# Dataset items:
◆ ◆ ◆

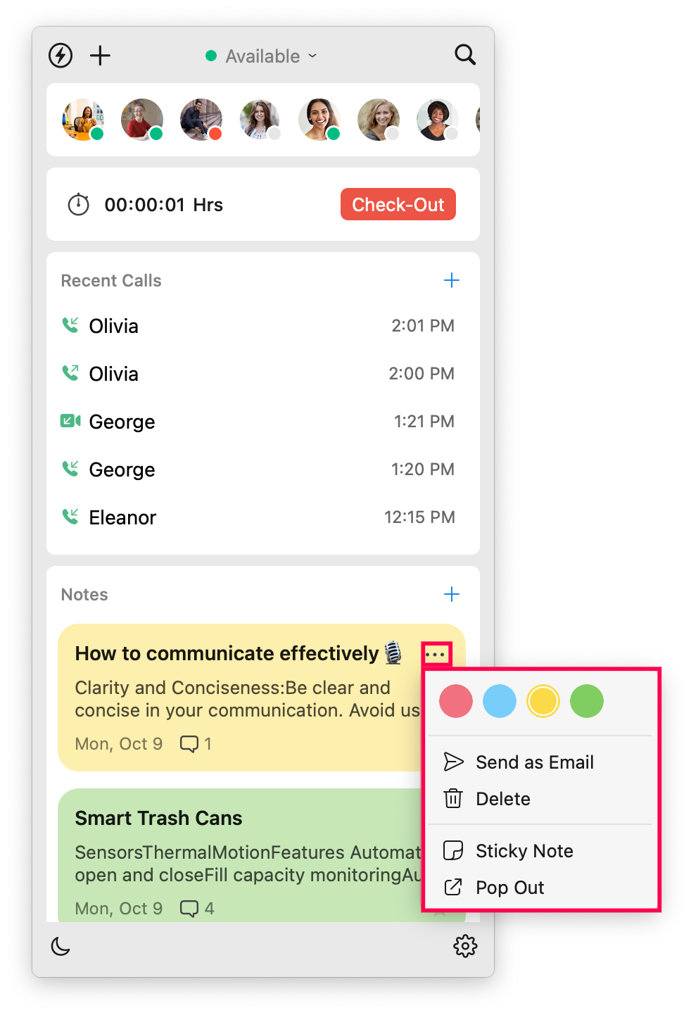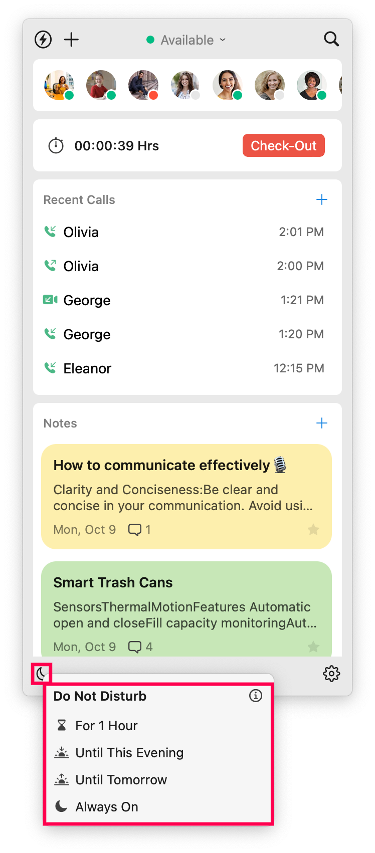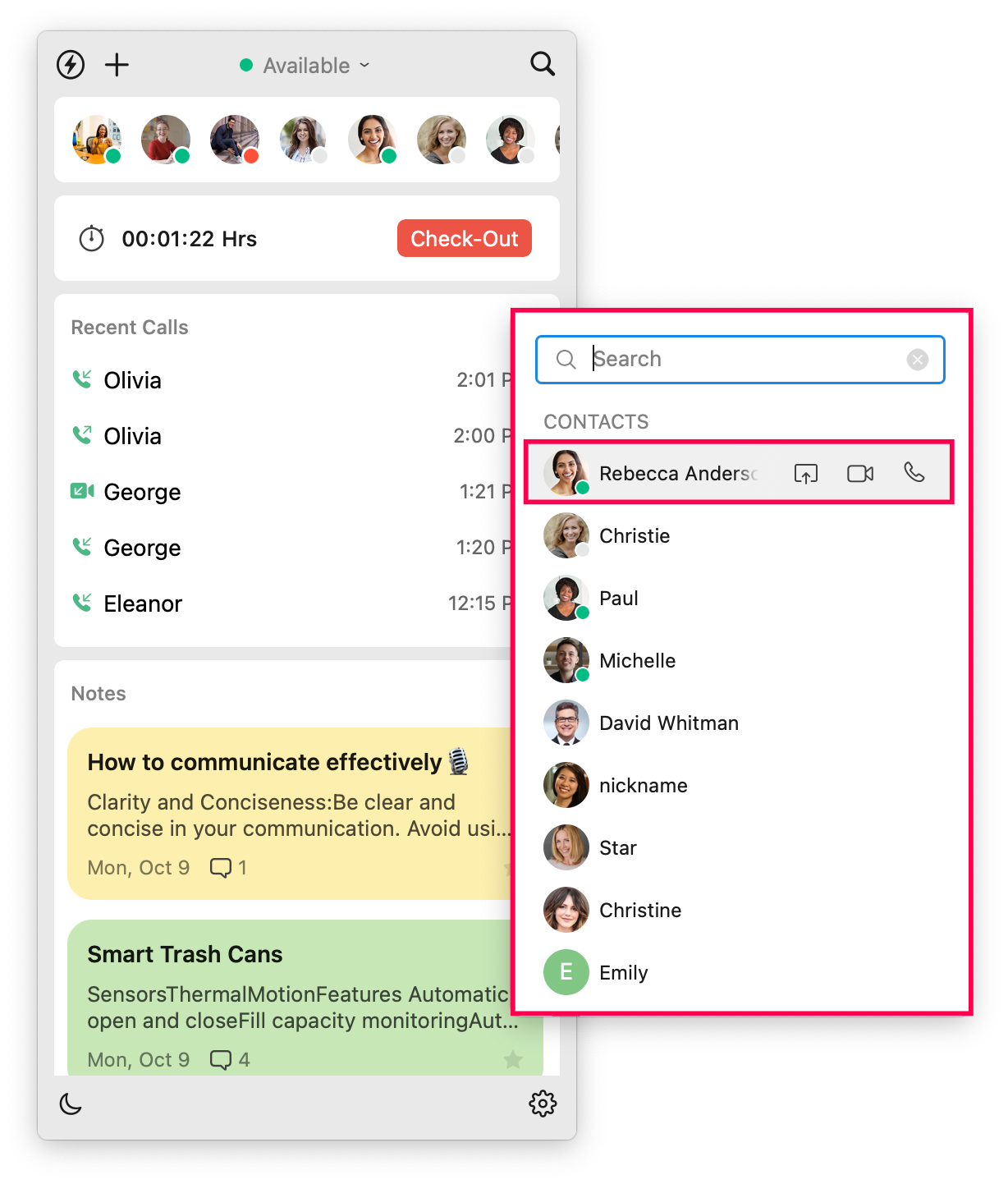 Trident's menu bar app for Cliq enables you to change your Cliq status, chat with frequent contacts, and make calls. It also displays the recent call history.
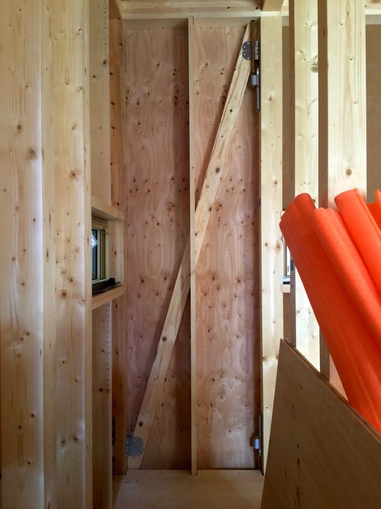 サッシ取付けの様子は先週のことですが、塞がっていた壁に窓の穴が空いて、中に射し込む明かりの様子も見て取れます。なんとなく意図していたイメージになりそうで、これもひと安心しました。
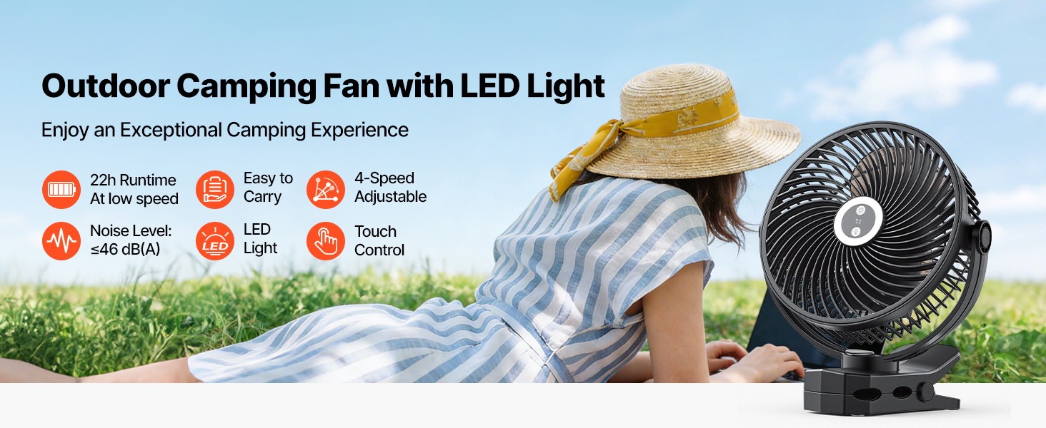 Tento prenosný ventilátor s klipom je vybavený 2-stupňovým LED kempingovým osvetlením a 4-rýchlostným inteligentným ventilátorom a disponuje dotykovým panelom s displejom zobrazujúcim stav batérie v reálnom čase. Použite ho ako stolný ventilátor s klipom na čítanie a osvetlenie alebo ho pripevnite na okraj stanu ako tichý ventilátor na behanie alebo spoločníka na spanie pre väčší komfort.
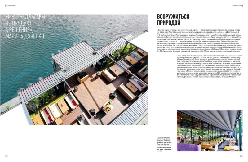 «Вместо парка в городе нам нужен город в парке», — утверждает канадский дизайнер, новатор и педагог Брюс Мау. И тут точечные, вернее, локальные решения, оказываются наиболее эффективными. В Париже, например, «островам тепла» успешно противопоставляют «острова прохлады» — специальные охлаждаемые уличные площадки: их бетонная поверхность и установленные скамейки для отдыха освежаются водой прямо из Сены (о важности зеленых проектов в борьбе с уровнем CO2 и «тепловыми островами» PRAGMATIKA.MEDIA писала в 17-м томе).
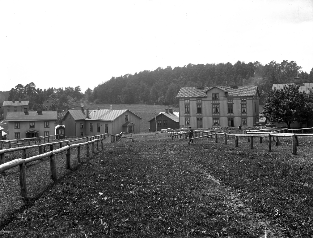 Fänabacken marknadsplats för kreatur, andra huset från vänster är Södra Missionshuset (Filadelfia).
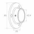 Élément réalisé en acier inoxydable AISI 304 avec finition satinée, ce qui garantit une haute résistance à la corrosion ainsi qu'un aspect esthétique et mat s'harmonisant parfaitement avec les balustrades modernes en acier inoxydable. La platine de montage de diamètre 85 mm possède 3 trous de fixation de diamètre 6,5 mm, assurant une fixation stable et uniforme au support. De plus, la vis de serrage intégrée (vis sans fin) permet de bloquer solidement le tube à l'intérieur du manchon.
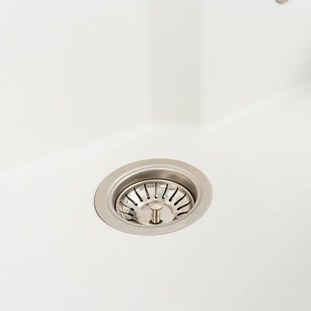 Мойка имеет матовую фактуру и приятный для глаза цвет – белый, что позволяет ей легко вписаться в интерьер кухни.
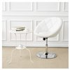 Create your contemporary living space with this rounded Leisure bar stool. This chair adds a modern touch to any space. Button-tufted swivel chair in white leather-like vinyl with chrome base. The rounded back also lines as the armrests as well. Features a 360-degree swivel mechanism to give you more control of movement.

◆ ◆ ◆

# Problem description:
Retype only the lines above from the one with "Tento prenosný ventilátor" through the last, both ends included, keeping every picture out of the copy.

# Your solution:
 Tento prenosný ventilátor s klipom je vybavený 2-stupňovým LED kempingovým osvetlením a 4-rýchlostným inteligentným ventilátorom a disponuje dotykovým panelom s displejom zobrazujúcim stav batérie v reálnom čase. Použite ho ako stolný ventilátor s klipom na čítanie a osvetlenie alebo ho pripevnite na okraj stanu ako tichý ventilátor na behanie alebo spoločníka na spanie pre väčší komfort.
 «Вместо парка в городе нам нужен город в парке», — утверждает канадский дизайнер, новатор и педагог Брюс Мау. И тут точечные, вернее, локальные решения, оказываются наиболее эффективными. В Париже, например, «островам тепла» успешно противопоставляют «острова прохлады» — специальные охлаждаемые уличные площадки: их бетонная поверхность и установленные скамейки для отдыха освежаются водой прямо из Сены (о важности зеленых проектов в борьбе с уровнем CO2 и «тепловыми островами» PRAGMATIKA.MEDIA писала в 17-м томе).
 Fänabacken marknadsplats för kreatur, andra huset från vänster är Södra Missionshuset (Filadelfia).
 Élément réalisé en acier inoxydable AISI 304 avec finition satinée, ce qui garantit une haute résistance à la corrosion ainsi qu'un aspect esthétique et mat s'harmonisant parfaitement avec les balustrades modernes en acier inoxydable. La platine de montage de diamètre 85 mm possède 3 trous de fixation de diamètre 6,5 mm, assurant une fixation stable et uniforme au support. De plus, la vis de serrage intégrée (vis sans fin) permet de bloquer solidement le tube à l'intérieur du manchon.
 Мойка имеет матовую фактуру и приятный для глаза цвет – белый, что позволяет ей легко вписаться в интерьер кухни.
 Create your contemporary living space with this rounded Leisure bar stool. This chair adds a modern touch to any space. Button-tufted swivel chair in white leather-like vinyl with chrome base. The rounded back also lines as the armrests as well. Features a 360-degree swivel mechanism to give you more control of movement.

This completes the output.